We have a $30 million line of credit with Compass Bank which matures on July 5, 2012. The facility bears interest at LIBOR Index Rate plus a sliding range from 1.25% to 2.50% based on quarterly covenant performance. At March 31, 2009 that rate was 2.45%. The line of credit is due on demand and is secured by accounts receivable, inventories, and equipment. The line's availability is based on a borrowing formula which allows for borrowings equal to 85% of our eligible accounts receivable and a percentage of eligible inventory. In addition, we must maintain certain financial covenants including ratios on funded debt to EBITDA, as well as a fixed charge ratio. At March 31, 2009, approximately $17.2 million was outstanding under the line of credit and approximately $3.5 million remained available for borrowings under the line of credit based on the borrowing formula. As of March 31, 2009, we were in default of the loan agreement with Compass Bank as a result of our failure to satisfy certain financial covenants. This failure is attributable to the fact that we incurred charges of approximately $2.5 million in the first quarter of 2009 relating to the separation agreements with our former chief executive officer and independent sourcing agent.
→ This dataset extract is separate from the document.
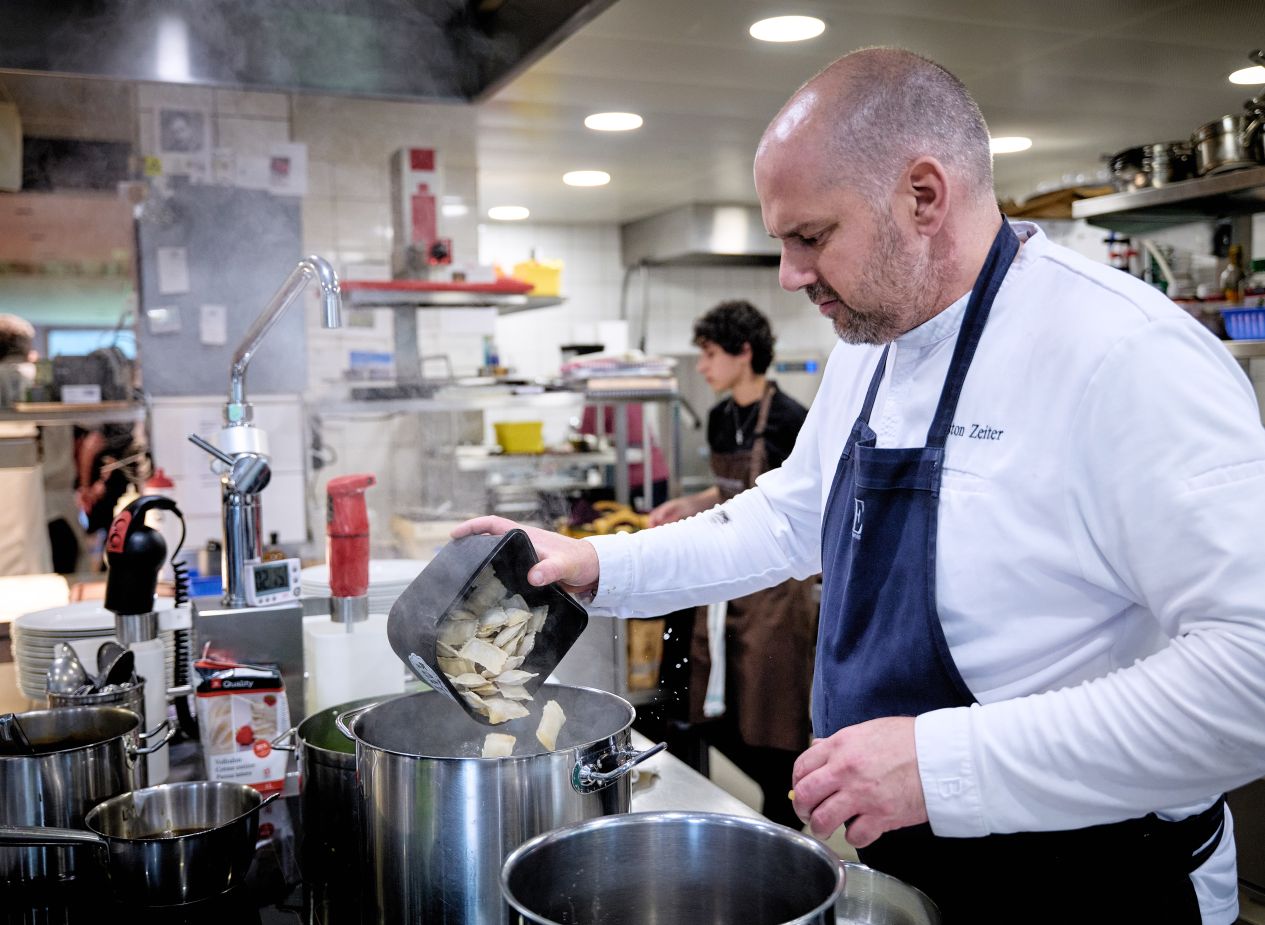 Das Gros der Jeunes Restaurateurs war bereits am Sonntag zu GV angereist. Gastgeber Fernando Nando Michlig verwöhnte die Truppe nach dem Business-Teil mit zehn (!) Amuse bouches, darunter eine vielgerühmte Variation von Entenleber mit Aprikosen und Äpfeln («meine Walliser Art», so Michlig), danach gabs Rouget & Ratatouille, Hirsch-Entrecôte mit Polenta und Rotkraut-Strudel. Gaston Zeiter steuerte seine berühmten Ravioli mit Eierschwämmen bei. Zum Finale verblüffte Michlig, der auch Konditor gelernt hat, mit einer Dessertlandschaft aus bildschönen Schoggi-Pilzen. «An denen habe ich den halben Tag lang ‹baschtlet›. Scheint sich gelohnt zu haben», meint Nando. Die Pilze waren die Shooting-Stars des Abends, auf jedem Handy verewigt.

Compass Bank has waived the events of default at March 31, 2009 and intends to amend the covenant requirements with respect to the financial impact of these two events such that we may be in compliance commencing with the quarter ending June 30, 2009.

For the three-month period ended March 31, 2009, net cash used in operating activities was approximately $2.3 million compared to a nominal amount provided in operating activities for the three month period ended March 31, 2008. The net cash used in operating activities is due primarily to net loss of approximately $1.7 million and a decrease in accounts payable of approximately $5.9 million, offset by a decrease of approximately $2.3 million in inventories and $0.2 million in income tax receivable, accrued settlement expenses of $2.5 million, non-cash charges for depreciation, amortization, provision for bad debts and obsolete inventory, deferred taxes and stock-based compensation totaling approximately $0.4 million, and an increase of approximately $0.3 million in accrued liabilities.

Cash used in investing activities for the three month period ended March 31, 2009 was approximately $17,000 compared to cash used of $70,000 for the period ended March 31, 2008. The cash used was for purchases of property and equipment as well as the purchase of the Monarch assets, offset by the change in restricted cash previously set aside for the acquisition.

Net cash provided by financing activities for the three month period ended March 31, 2009 was approximately $2.5 million compared to cash used of $0.1 million for the similar period in 2008. The net cash provided by financing activities for 2009 included approximately $2.8 million in net borrowings on our line of credit and a $0.4 million reduction in our notes payable to Zunicom, Inc.

We believe that cash provided by operations and cash available under our line of credit will be sufficient to meet our operational needs over the next year.